The next day fell almost dead calm. The hale, lusty-lunged
nor'wester that had snorted them forth from the Golden Gate had
lapsed to a zephyr, the schooner rolled lazily southward with the
leisurely nonchalance of a grazing ox. At noon, just after
dinner, a few cat's-paws curdled the milky-blue whiteness of the
glassy surface, and the water once more began to talk beneath the
bow-sprit. It was very hot. The sun spun silently like a
spinning brass discus over the mainmast. On the fo'c'sle head the
Chinamen were asleep or smoking opium.

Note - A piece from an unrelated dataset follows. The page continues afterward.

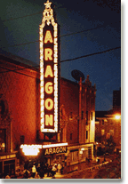Considered one of the “world’s most beautiful ballrooms,” Chicago’s Aragon Ballroom was built in 1926 as a venue for ballroom dancing, and quickly became a focal point for the dance hall culture.  The ballroom was designed by Huszagh & Hill for the Karzas brothers at a cost of over 2 million dollars, and featured a huge floating dance floor, surrounded by archways of Moorish design with Corinthian columns supporting fanciful facades of towers and balconies, palm trees and terra cotta roofs, making it look like the courtyard of a 15th century spanish palace.

It was Charlie's watch.
Kitchell dozed in his hammock in the shadow of the mainsheet.
Wilbur was below tinkering with his paint-pot about the cabin.
The stillness was profound. It was the stillness of the summer
sea at high noon.

The lookout in the crow's nest broke the quiet.

"Hy-yah, hy-yah!" he cried, leaning from the barrel and calling
through an arched palm. "Hy-yah, one two, plenty, many tortle,
topside, wattah; hy-yah, all-same tortle."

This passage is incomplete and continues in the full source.